For twenty-five years, Russell had been trying to understand and channel that mysterious force alternately known as buzz or word of mouth, and now it seemed to have mutated into this new digital form.
It was always a little mysterious, what made some books pop and others evaporate. This week he’d sold rights in Spain, Germany and Italy, which basically meant that Jack’s advance was covered and everything from here on was profit. Exactly how Russell liked to do it.
Jonathan rushed back into the office, waving several sheets of paper. “I’ve got it!”
“And?”
“It’s a rave….I’ve only skimmed it, but it’s basically a blow job. Here, listen to this: ‘Jack Carson’s characters are the demon spawn of Faulkner’s Snopes family and Carver’s lumpen proles, the descendants of Walker Evans’s Depression-era subjects, trapped deep in the sunless hollers of Tennessee and Kentucky. Their American dream is a nightmare of cruelty and inbreeding compounded by privation; moonshine and meth their only escape, and yet Carson manages to invest their struggle to survive with a kind of stoic grandeur, and even, at times, to celebrate their inchoate yearning toward the light….’ ”
“Jesus, let me see that,” said Russell, practically tearing the review from Jonathan’s hands.
—
The afternoon before the party, Russell was looking over the reorders for the book, which were strong, when Corrine called, all worked up about a hard day with the bureaucrats at the New York City Housing Authority. She was trying to get permission to set up a food giveaway in the parking lot of a housing project in Brooklyn. “I don’t know whether to be somewhat encouraged or thoroughly discouraged.”
“Well, if you don’t know, honey, I’m not sure how I would.”
“Do you realize you call me honey when you’re exasperated with me? I think you do it because you feel guilty that you’re exasperated and it assuages your conscience.”

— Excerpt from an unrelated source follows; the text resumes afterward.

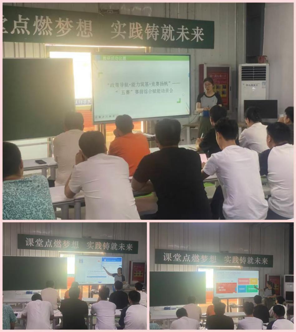 为助力教师精准把握河南省及郑州市优秀论文比赛、优质课比赛、教学设计及课件制作等五项比赛(以下简称“五赛”)备赛方向,提升教师参赛积极性和竞争力,9月9日下午,新能源汽车检修教研室在实训车间召开“五赛”赛前综合赋能动员会。会议由教研室副主任姚梦珂主持,教研室全体成员参加。

“I can’t say I’m aware of this alleged tic, nor do I believe it.”
“All right, I’ll stop bugging you. I’ll see you at home.”
“Not till late. Tonight’s Jack’s book party, remember?”

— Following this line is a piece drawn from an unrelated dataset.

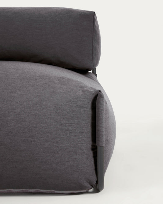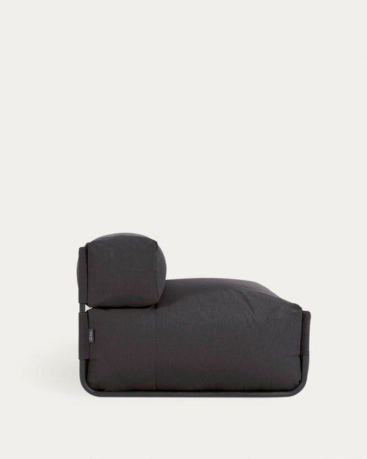 Square modular 100% outdoor sofa pouffe w/ backrest, dark grey, black aluminium, 101x101cm

“Oh, right. Do you want me to come?”
“If I were you, I’d skip it. Looks like it’s going to be a real hipster ratfuck. I won’t be too late, I hope. If he wants to go out afterward, I’ll send Jonathan.”
—
In hopes of getting the guest of honor to the church on time, Russell decided to pick him up at the hotel himself. He arrived at the Chelsea just before six; when Jack didn’t answer the call from the lobby phone, he asked at the desk, where they had no information on Mr. Carson’s whereabouts. Why, Russell wondered, had he put him up in the same hotel where Sid Vicious had murdered Nancy Spungen? He turned and walked out the door and down the street to the Trailer Park Lounge, where he found the missing person huddled over a drink, looking exceedingly mournful sitting on his stool.